Build a personal dashboard to help you stay on top of conversations and to monitor your accomplishments. Track the hours you’ve logged to specific projects, get a list of your recently completed tasks, or keep your goals in sight. Your dashboard can be completely private or you may wish to share it with your manager to keep them in the loop.

Personal Dashboard

 


Client Dashboard

Provide your clients with an accurate picture of progress and delivery dates. Set the common filter for the dashboard to a specific client or set of projects. You can decide to expose the 50% likely Finish[E] date or, if you’d like to communicate the best case or worst case scenario, you can show the Finish[10%] or Finish[90%] dates instead. Clients are typically not members of the workspace, so you can invite them to view the real-time dashboard as guests.

Client

 


Project Comparison Dashboard

Show a side-by-side view of specific projects, initiatives, or even resources. Use the duplicate function to add the same widgets quickly and then just change the title and filter settings.

Project Comparison

 


Project Requirements Dashboard

Build a dashboard to get all of the key players on the same page about a new product.

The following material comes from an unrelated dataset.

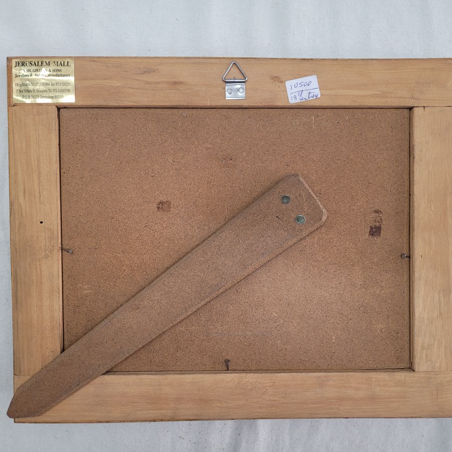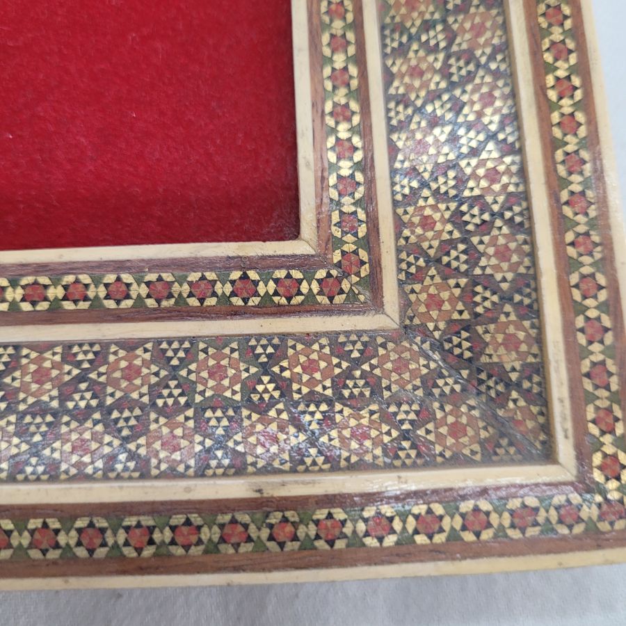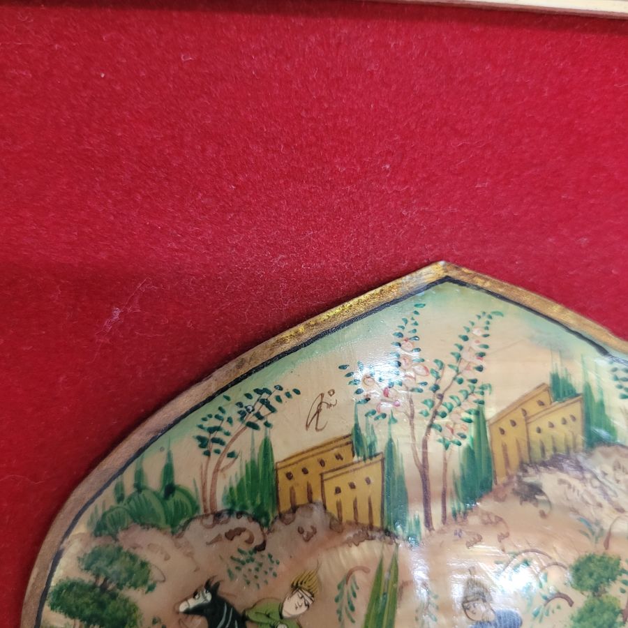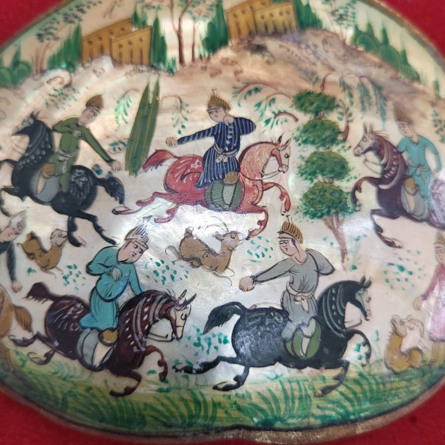Vintage framed mother of pearl painting from the Middle East. Handmade vintage mosaic frame hand painting mother of pearl painting describing deer hunting, made in the 1950’s. The mosaic frame consists of many minuscule natural elements to form the mosaic designs.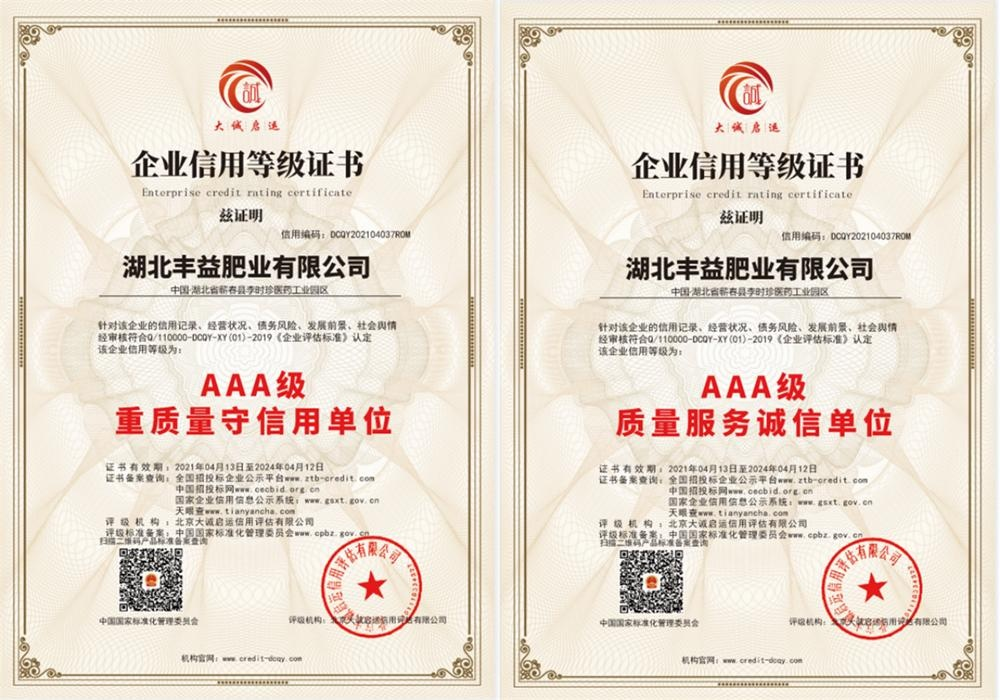 立业 12年来,丰益肥业成绩斐然、荣誉累累,先后多次被省市相关部门评为“质量信得过”企业、“农业产业化龙头”企业。目前,企业拥有 26800㎡生产研发基地 1座;20余人组成的技术研发团队 1个;研发专用配方肥 30多种;获得专利 40余项;年生成能力高达 30万吨;具备测土配方资质;获得“高新技术企业认证”。

Provide just enough information to help people understand the project’s requirements. This might include high level status, objectives, background, user stories, or assumptions. Add a document widget and provide links to specs and designs as they become available.


Educational Dashboard

Dashboards are great for sharing project-specific information, but you can also use them as an educational resource. Compile a reading list with external links, communicate company goals, or post an infographic.

Educational

 


Design Dashboard

Use a dashboard as your virtual drawing board. Group related brainstorms, sketches, and ideas together. Add a comment and/or documents widget and filter to tasks that contain product specs or designs to consolidate feedback from those items.